___ Task material ___

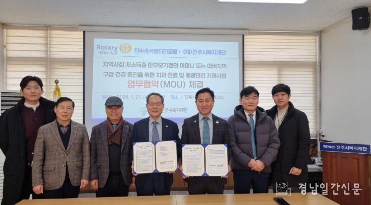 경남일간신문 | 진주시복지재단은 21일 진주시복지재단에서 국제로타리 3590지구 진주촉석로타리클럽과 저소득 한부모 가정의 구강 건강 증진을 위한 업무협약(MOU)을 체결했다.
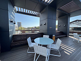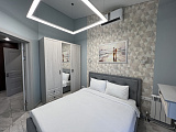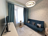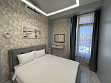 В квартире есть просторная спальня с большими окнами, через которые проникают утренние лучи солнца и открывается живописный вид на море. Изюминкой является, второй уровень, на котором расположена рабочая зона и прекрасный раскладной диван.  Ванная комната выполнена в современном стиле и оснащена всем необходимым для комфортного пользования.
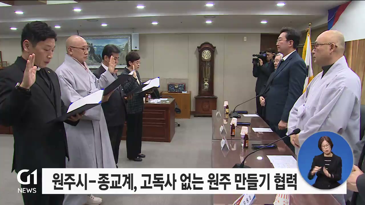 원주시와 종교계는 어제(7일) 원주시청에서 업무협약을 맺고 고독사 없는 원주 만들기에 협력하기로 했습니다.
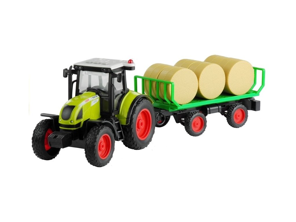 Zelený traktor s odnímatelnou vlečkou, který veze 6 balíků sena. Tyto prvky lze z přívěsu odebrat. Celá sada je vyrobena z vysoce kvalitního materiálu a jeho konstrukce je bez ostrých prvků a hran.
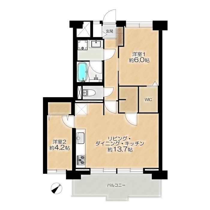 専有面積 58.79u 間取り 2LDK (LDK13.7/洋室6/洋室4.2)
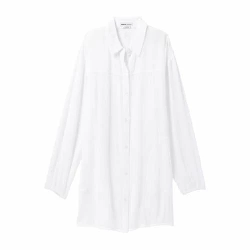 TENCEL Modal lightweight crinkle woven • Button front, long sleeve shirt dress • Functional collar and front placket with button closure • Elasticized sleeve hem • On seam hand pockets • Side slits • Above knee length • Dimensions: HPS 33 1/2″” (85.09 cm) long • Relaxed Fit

___

• [Work required]: Each line of the listing above must be given again exactly; the pictures are to be left out.

• [Answer]:
 경남일간신문 | 진주시복지재단은 21일 진주시복지재단에서 국제로타리 3590지구 진주촉석로타리클럽과 저소득 한부모 가정의 구강 건강 증진을 위한 업무협약(MOU)을 체결했다.
 В квартире есть просторная спальня с большими окнами, через которые проникают утренние лучи солнца и открывается живописный вид на море. Изюминкой является, второй уровень, на котором расположена рабочая зона и прекрасный раскладной диван.  Ванная комната выполнена в современном стиле и оснащена всем необходимым для комфортного пользования.
 원주시와 종교계는 어제(7일) 원주시청에서 업무협약을 맺고 고독사 없는 원주 만들기에 협력하기로 했습니다.
 Zelený traktor s odnímatelnou vlečkou, který veze 6 balíků sena. Tyto prvky lze z přívěsu odebrat. Celá sada je vyrobena z vysoce kvalitního materiálu a jeho konstrukce je bez ostrých prvků a hran.
 専有面積 58.79u 間取り 2LDK (LDK13.7/洋室6/洋室4.2)
 TENCEL Modal lightweight crinkle woven • Button front, long sleeve shirt dress • Functional collar and front placket with button closure • Elasticized sleeve hem • On seam hand pockets • Side slits • Above knee length • Dimensions: HPS 33 1/2″” (85.09 cm) long • Relaxed Fit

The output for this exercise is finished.